APELAÇÃO CÍVEL Nº 1.0024.12.316720-7/005 - COMARCA DE BELO HORIZONTE - APELANTE (S): RODRIGO DA SILVA CONHALATO - APELADO (A)(S): HABITARE CONSTRUTORA E INCORPORADORA S/A

A C Ó R D Ã O

Vistos etc., acorda, em Turma, a 18ª CÂMARA CÍVEL do Tribunal de Justiça do Estado de Minas Gerais, na conformidade da ata dos julgamentos, em ACOLHER PRELIMINAR DE VÍCIO CITRA PETITA E DAR PARCIAL PROVIMENTO AO RECURSO.

DES. JOÃO CANCIO

RELATOR.





DES. JOÃO CANCIO (RELATOR)



V O T O

Trata-se de Apelação Cível interposta por RODRIGO DA SILVA CONHALATO contra a r. sentença de fls. 460/463v, integrada pela decisão de fl. 468, proferida pelo MM. Juiz de Direito da 22ª Vara Cível da Comarca de Belo Horizonte/MG nos autos da "Ação de Rescisão Contratual c/c Indenização por Perdas e Danos" movida em face de HABITARE CONSTRUTORA E INCORPORADORA S/A, que julgou procedente a ação para (i) declarar rescindido o contrato de compra e venda por culpa exclusiva da construtora; (ii) condenar a ré a devolver ao autor todos os valores pagos, com correção monetária pela tabela da CGJ/MG a partir da propositura da ação e juros de mora a partir da citação; (iii) condenar a ré a pagar ao autor a multa rescisória equivalente a 2% do valor total do contrato, mais 1% para cada mês de atraso, contados a partir de fevereiro/2013; (iv) condenar a ré ao pagamento das custas processuais e honorários advocatícios, fixados em 10% sobre o valor da condenação.

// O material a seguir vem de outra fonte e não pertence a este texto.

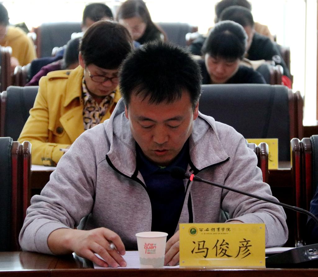 体育教育系教师冯俊彦结合自己的教学工作,表示要在日常的一言一行、一点一滴中做好思政教育工作,把理想信念教育作为核心,把爱国主义教育作为重点,把思想道德建设作为基础,把人的全面发展作为目标,通过多种方式实现思政教育“立德树人”根本任务。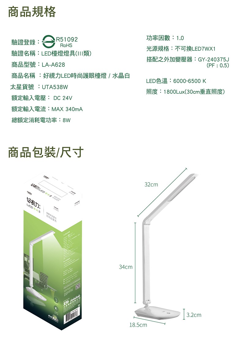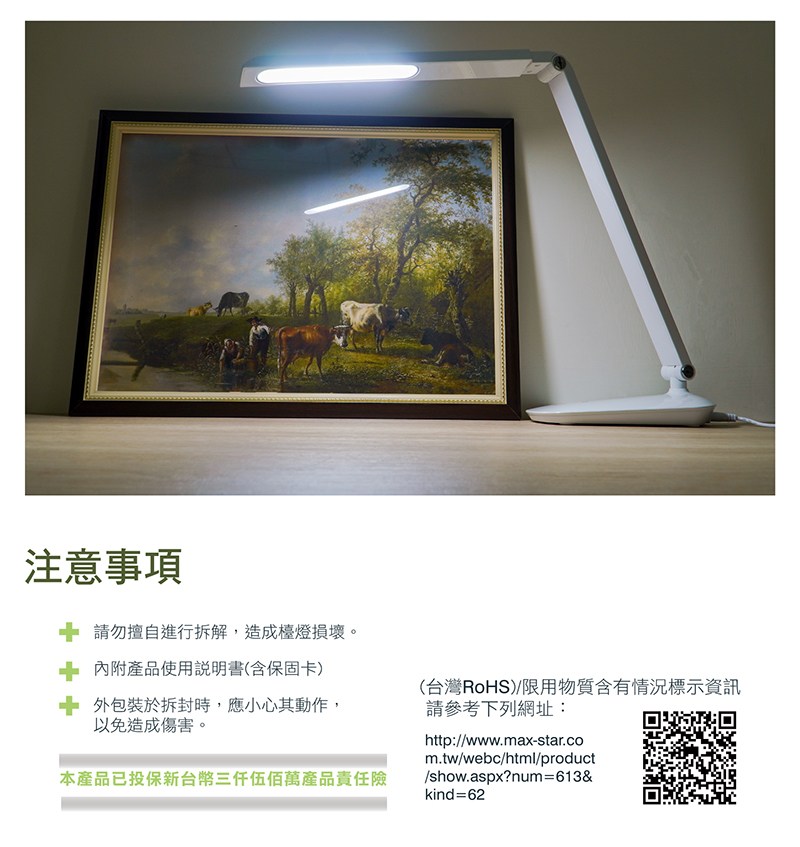 1.多轉向調光:自由延展、升降、旋轉,調節最佳照明範圍。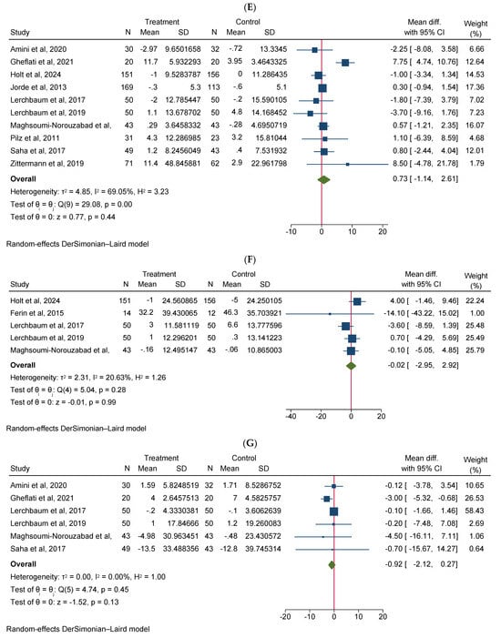 Meta-analysis of the effect of vitamin D supplementation on the endpoints: (A) total testosterone, (B) free testosterone, (C) FSH, (D) LH, (E) SHBG, (F) estradiol, and (G) FAI.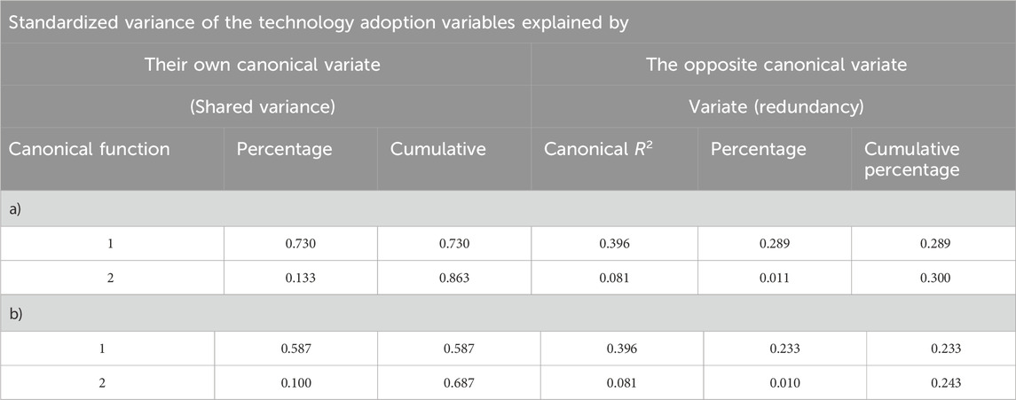 Table 7. Redundancy analysis of perceived disruptive value and technology adoption standardized variance of the program data vector (PDV) variables explained by a) own canonical variate and b) opposite canonical variate.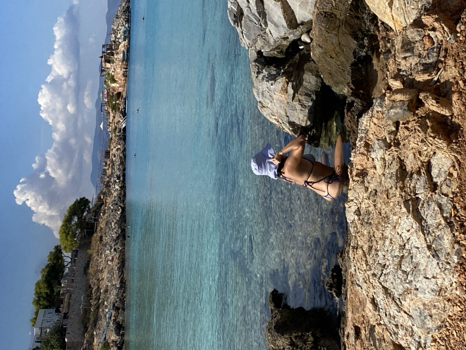 The image depicts a coastal scene in Megalochori, Greece, on a clear, sunny day. In the foreground, a woman is seated in shallow, transparent turquoise water, facing away from the viewer. She is wearing a dark blue string bikini and a light blue and white striped bucket hat, with her right hand near the side of her hat. She is positioned close to a large, grey rock formation on the right. The immediate ground consists of reddish-brown rocky terrain. Beyond the woman, the expansive body of water is exceptionally clear, revealing the rocky seabed and several distant individuals swimming. The background features a rocky coastline. To the left, a hillside is sparsely vegetated with green trees and shrubs, topped by white buildings. To the right, a distant peninsula displays beach umbrellas, sun loungers, and structures, suggesting a resort area, with a white boat moored nearby. The sky above is blue with scattered white cumulus clouds.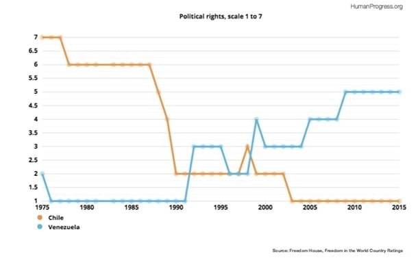 Here’s a chart showing the remarkable progress in Chile..as well as the deterioration of rights in Venezuela (please note that “1” means strong political rights and “7” means low or nonexistent political rights).
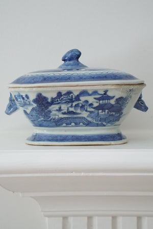 Antique Blue Canton Sauce Tureen with Boar Handles

Em suas razões recursais (fls. 469/482), o autor sustenta, em síntese, que a sentença é citra petita, pois não analisou os pedidos de danos morais, ressarcimento dos alugueis despendidos, multa rescisória de 11% sobre o valor do contrato e nulidade/devolução das notas promissórias, e que não houve manifestação sobre as tutelas antecipadas que deferiram o pagamento de aluguel mensal ao autor e o arresto de bens da construtora.

No mérito, argumenta que é incontroverso nos autos a mora da construtora, que deveria ter entregado o imóvel em 30/09/2012, mas sequer foi construído; que o atraso de anos na entrega do imóvel (casa própria) gera dano moral; quem, em razão da mora da construtora, teve que suportar alugueis mensais de outro apartamento, no valor histórico de R$2.125,48, a partir de setembro/2012, quando o imóvel deveria ter sido entregue; que a liminar de pagamento dos alugueis não foi cumprida pela construtora.

Argumenta que a indenização por danos materiais pode ser cumulada com as multas contratuais e demais indenizações, pois possuem natureza distintas; que a multa rescisória prevista no contrato é de 11% sobre o valor total do negócio; que a multa rescisória contratual deve ser aplicada ao caso de rescisão por culpa da vendedora; que a correção monetária e os juros de mora devem incidir a partir do efetivo desembolso; que deve ser declarada a nulidade das notas promissórias emitidas como garantia do negócio e a sua devolução pelo réu.

Sem contrarrazões, conforme certidão de decurso de prazo (fl. 484v).

É o relatório.

Passo a decidir.

Presentes os pressupostos de admissibilidade, CONHEÇO do recurso.

Depreende-se dos autos que Rodrigo da Silva Conhalato ajuizou a presente "Ação de Rescisão Contratual c/c Indenização por Perdas e Danos" em face de Habitare Construtora e Incorporadora S/A, alegando que, em 11/09/2008, celebrou contrato de compra e venda (fls. 33/44 e 50/54) do apartamento nº 704 do Edifício Carlos Peixoto, localizado à R. Carlos Peixoto, nº 685, bairro São Lucas, Belo Horizonte, pelo valor de R$206.109,34, e adicional de R$10.359,00 por acabamentos internos, sendo que as últimas 36 parcelas seriam quitadas somente após a entrega das chaves, e que, como garantia do negócio, foram emitidas notas promissórias para cada parcela. Esclareceu que quitou todas as parcelas pontualmente (fls. 59/68), totalizando R$139.682,81, e que o prazo de entrega do imóvel seria 30/09/2012, contudo as obras sequer foram iniciadas, razão pela qual precisou locar outro imóvel para sua moradia (fls. 89/98).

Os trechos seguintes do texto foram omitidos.